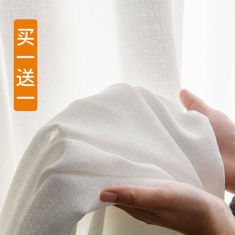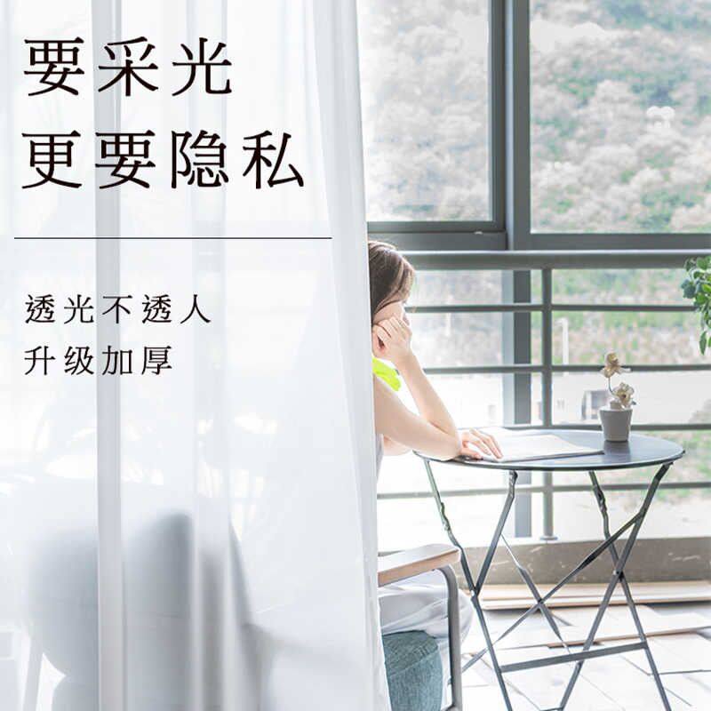 📚 2021流行加厚乱麻纱帘透光不透人白纱帘阳台纱客厅半遮光窗纱窗帘
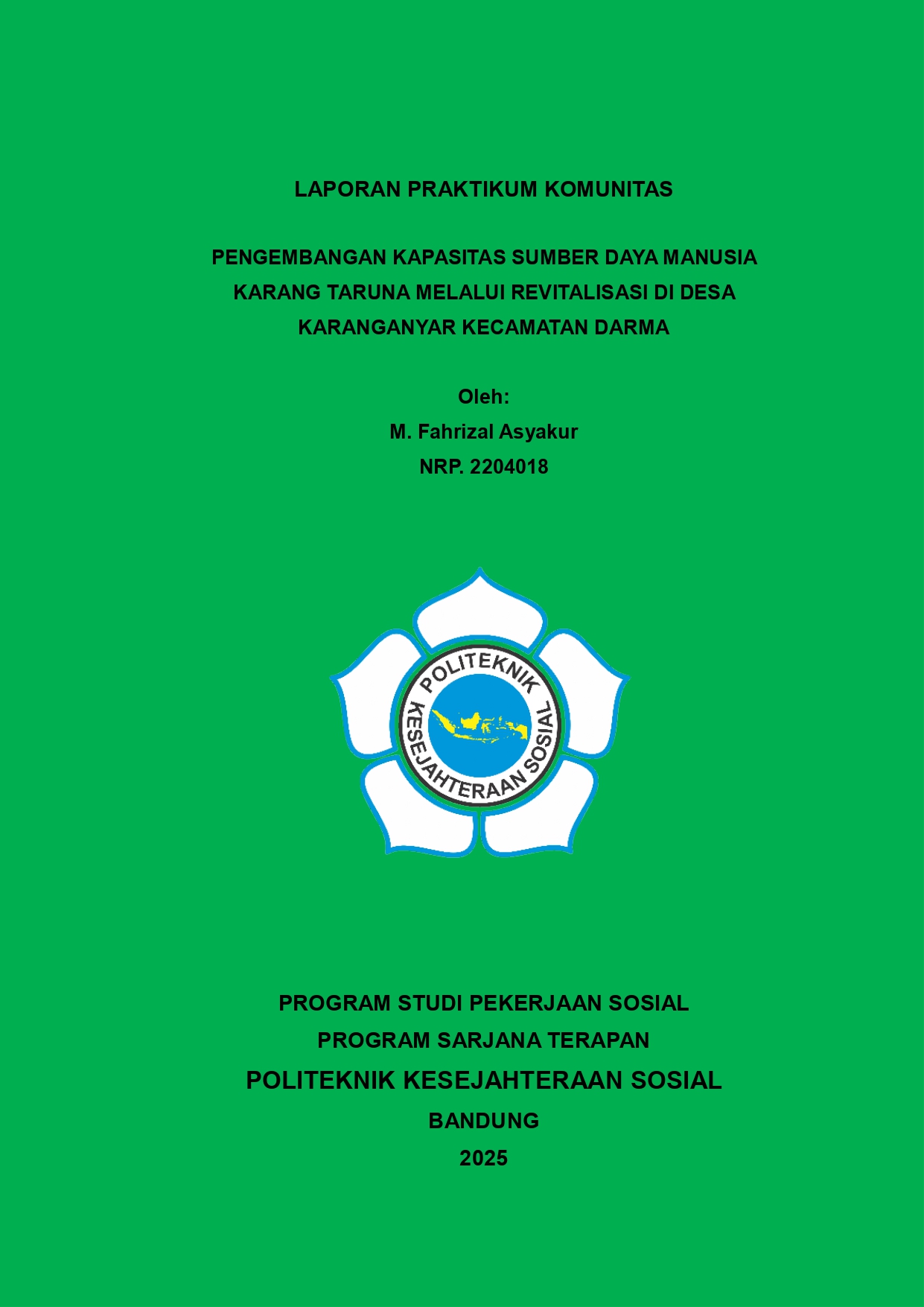 LAPORAN PRAKTIKUM KOMUNITAS - PENGEMBANGAN KAPASITAS SUMBER DAYA MANUSIA KARANG TARUNA MELALUI REVITALISASI DI DESA KARANGANYAR KECAMATAN DARMA
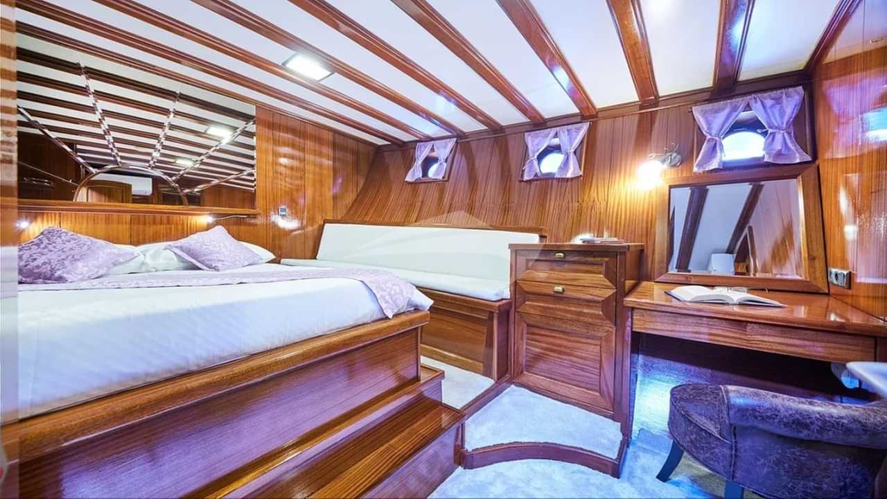 Die Gästekabinen bestehen aus einer Hauptsuite mit einem Kingsize-Bett und eigenem Bad, einer VIP-Suite mit einem Kingsize-Bett und eigenem Bad, 4 Kabinen mit einem Doppelbett und eigenem Bad und 2 Kabinen mit einem Einzelbett und eigenem Bad.
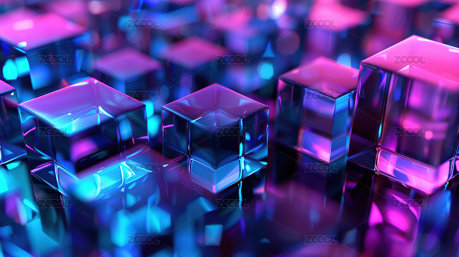 层叠排列荧光色立方体玻璃晶体3D立体插画
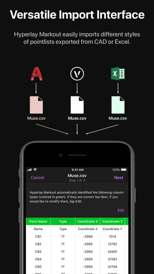 Hyperlay Markout easily imports different styles of pointlists exported from CAD (e.g. AutoCAD, Vectorworks) or Excel. Simply import your show file into Hyperlay Markout from settings and it will do the rest, guiding you through the import process.
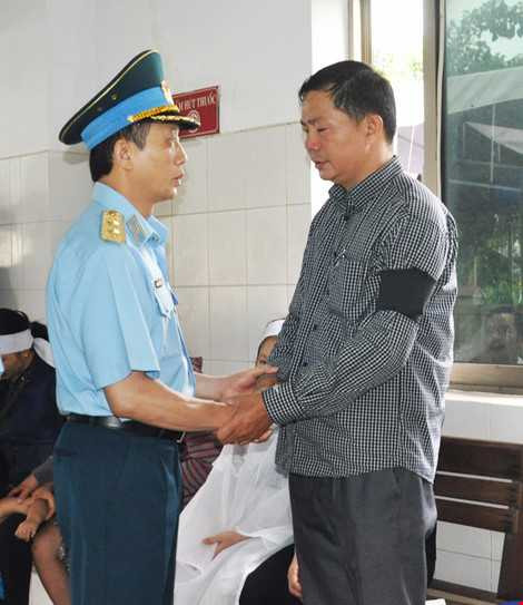 Trung tướng Lê Huy Vịnh, Tư lệnh Quân chủng Phòng không Không quân viếng Thiếu úy Trung.
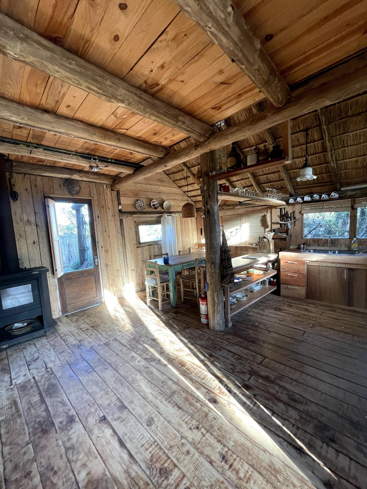 Hermosa cabaña monoambiente estilo open space, construida en madera y quincha sobre palafitos, rodeada de naturaleza. A 10 min de la playa, media cuadra del parque forestal y tres del centro del balneario. Cuenta con entrepiso con colchón estilo tatami, cocina equipada, agua corriente e instalación eléctrica. Ideal para 2 personas que buscan descanso simple y auténtico cerca del mar, las dunas de Cabo Castillos y Cabo Polonio.
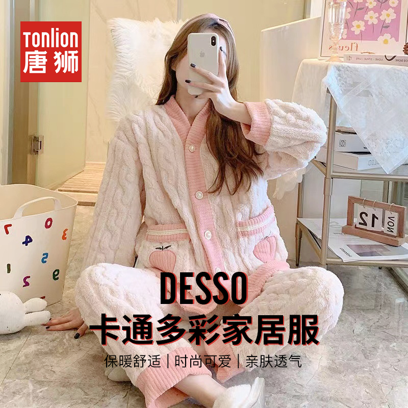 商品名称:唐狮集团DESSO珊瑚绒家居服套装秋冬季可爱法兰绒睡衣加绒加厚女
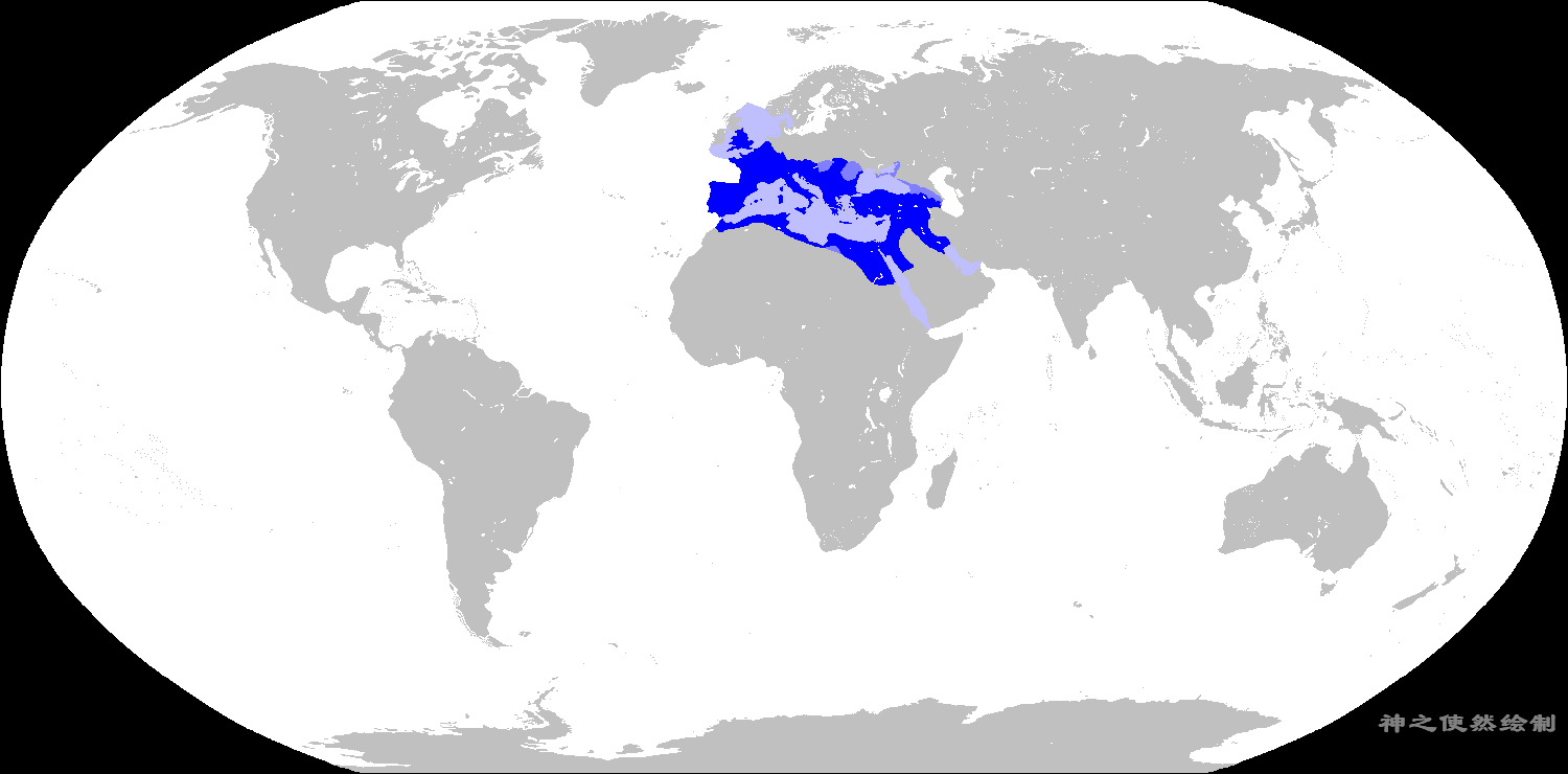 然而,罗马共和国在公元前90-前30年陆续发生了同盟者战争、三次米特里达梯战争、两次苏拉内战、塞多留之乱、斯巴达克斯起义、两次帕提亚战争、高卢战争、恺撒内战、西西里起义、解放者战争、佩鲁西亚战争和奥古斯都内战等一系列内外战争,导致其欧洲大帝国的身份在这段时期起起伏伏、不时中断。值得一提的是,盖乌斯·凯撒在高卢战争中征服了整个高卢地区,就此将欧陆上的凯尔特人也纳入到了西方文明之中,并进一步在公元前55-前54年两次进军不列颠群岛。也就在这时,罗马共和国达到了其版图和势力范围的巅峰。

■ ■ ■ ■ ■

- _Activity_:
Please return the full listing exactly as given, with the images left out.

- _Written response_:
 📚 2021流行加厚乱麻纱帘透光不透人白纱帘阳台纱客厅半遮光窗纱窗帘
 LAPORAN PRAKTIKUM KOMUNITAS - PENGEMBANGAN KAPASITAS SUMBER DAYA MANUSIA KARANG TARUNA MELALUI REVITALISASI DI DESA KARANGANYAR KECAMATAN DARMA
 Die Gästekabinen bestehen aus einer Hauptsuite mit einem Kingsize-Bett und eigenem Bad, einer VIP-Suite mit einem Kingsize-Bett und eigenem Bad, 4 Kabinen mit einem Doppelbett und eigenem Bad und 2 Kabinen mit einem Einzelbett und eigenem Bad.
 层叠排列荧光色立方体玻璃晶体3D立体插画
 Hyperlay Markout easily imports different styles of pointlists exported from CAD (e.g. AutoCAD, Vectorworks) or Excel. Simply import your show file into Hyperlay Markout from settings and it will do the rest, guiding you through the import process.
 Trung tướng Lê Huy Vịnh, Tư lệnh Quân chủng Phòng không Không quân viếng Thiếu úy Trung.
 Hermosa cabaña monoambiente estilo open space, construida en madera y quincha sobre palafitos, rodeada de naturaleza. A 10 min de la playa, media cuadra del parque forestal y tres del centro del balneario. Cuenta con entrepiso con colchón estilo tatami, cocina equipada, agua corriente e instalación eléctrica. Ideal para 2 personas que buscan descanso simple y auténtico cerca del mar, las dunas de Cabo Castillos y Cabo Polonio.
 商品名称:唐狮集团DESSO珊瑚绒家居服套装秋冬季可爱法兰绒睡衣加绒加厚女
 然而,罗马共和国在公元前90-前30年陆续发生了同盟者战争、三次米特里达梯战争、两次苏拉内战、塞多留之乱、斯巴达克斯起义、两次帕提亚战争、高卢战争、恺撒内战、西西里起义、解放者战争、佩鲁西亚战争和奥古斯都内战等一系列内外战争,导致其欧洲大帝国的身份在这段时期起起伏伏、不时中断。值得一提的是,盖乌斯·凯撒在高卢战争中征服了整个高卢地区,就此将欧陆上的凯尔特人也纳入到了西方文明之中,并进一步在公元前55-前54年两次进军不列颠群岛。也就在这时,罗马共和国达到了其版图和势力范围的巅峰。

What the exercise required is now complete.